Why should Sentinel be isolated from Redis high availability, rather than implemented in Redis itself? What monitoring roles do distributed architectures have for high reliability?

01 Distributed Architecture Centralized mode

From the perspective of the distributed cluster mode, the monitoring mode of distributed centralized storage is recommended to separate service data processing and form an independent manager or status monitor, for example, namenode, ZooKeeper, and JournalNode of distributed file system HDFS. Arbitration in MongoDB replica set mode; RocketMQ nameserver; And the sentinels of Redis.

Hadoop HA moat includes ZooKeeper, JournalNode, and ZKFC, which is armed to the teeth to ensure HDFS Namenode dual-node reliability.

This is associated with the demand of distributed centralized, high reliability of the Lord in the cluster is very important, because once the master node to hang out, you need to have a copy on the top of the node can now come, or cluster will thoroughly collapse, so this time who can monitor whether the master node to hang up, at the same time let from the top of the node is very key role, If the monitor role also has data business processing tasks, it complicates the monitor operation and increases the probability of service failures.

If something happens to the monitor, the cluster is left unprotected. Redis’ sentinels play this role. Therefore, the role requirements of the Redis Sentinel service itself should be single-purpose and minimize the risk of failure.

As shown in the figure below: Redis1-4 nodes are monitored by a Sentinel. When Redis1 as the main node fails and goes offline, the slave node replication of Redis2-4 will be stopped. Sentinel schedules Redis4 to be upgraded to the master node to continue serving clients and to continue data replication for Redis2-3

02 Partitions (sharding) as a master-slave distributed architecture

In distributed centralized cluster, there is also a special mode, that is Kafka, a partition (shard) centered master-slave mode of Elasticsearch. In fact, the Leader node does not have special requirements for centralized coordination, and usually the elected master node is the coordination and management cluster.

For example, Kafka’s Leader plays the role of Leader in command operations such as Topic creation and partition redistribution, while the Leader node is a peer brocker in the cluster at other times, receiving client Topic partition writes and reads.

In this way, the risk of service data operation and load generated when the primary node must uniformly accept data writing is reduced. For example, in the primary/secondary mode of Redis, MongoDB, and MySQL, the primary node must bear all the write load and the data replication load of the duplicate node. The Kafka/Elasticsearch cluster has a master/slave mode based on the data partitioning (shards) of each node, so the risk of reading/writing loads is shared among the nodes in the cluster.

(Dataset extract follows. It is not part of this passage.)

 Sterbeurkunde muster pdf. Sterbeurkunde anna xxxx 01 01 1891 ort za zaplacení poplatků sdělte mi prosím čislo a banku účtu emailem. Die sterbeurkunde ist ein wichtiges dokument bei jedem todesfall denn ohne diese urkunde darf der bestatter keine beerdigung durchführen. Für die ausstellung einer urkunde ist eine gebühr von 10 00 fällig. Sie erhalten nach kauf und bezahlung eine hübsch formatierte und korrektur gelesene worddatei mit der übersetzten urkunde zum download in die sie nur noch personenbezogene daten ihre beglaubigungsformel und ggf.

For example, when Elasticsearch is written, the node loads data written to the master shard and copies data to the slave shard of other nodes. In the process of query, the parallel query of multiple nodes in the cluster is realized. The Leader node coordinates the shard copy of which nodes to participate in the shard query, and finally aggregates the query results of different nodes to one node and provides them to the client.

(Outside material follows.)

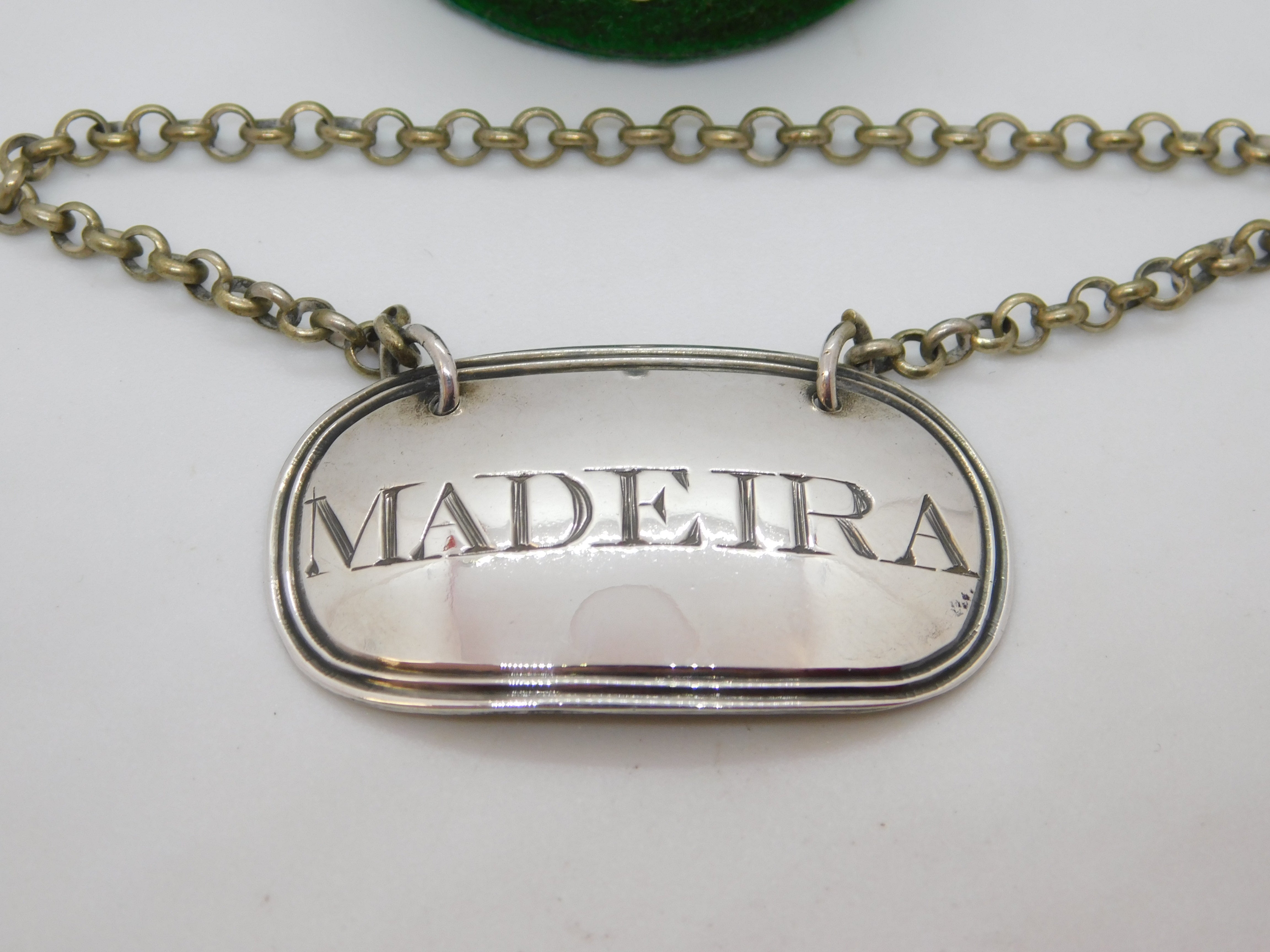 George III Sterling Silver Bright Cut Madeira Decanter Label Antique 1803 London

Adopting the design idea of primary/secondary partition (sharding) to disperse the risk of single master is a distributed mode between centralization and decentralization, but in essence it is still centralized management, so there is no need for an independent role like Redis sentinel to strengthen the protection of the master node. As shown below:

The last type is a truly decentralized distributed cluster, where nodes typically include state maintenance and data operations. Such as: Redis Cluster is a typical decentralized Cluster mode, and each node needs to consider Cluster consistency. For example, distributed file system like Glusterfs is also a typical decentralized storage, which does not require separate state monitoring. Each node is itself. The management of a cluster is usually decided by a majority vote.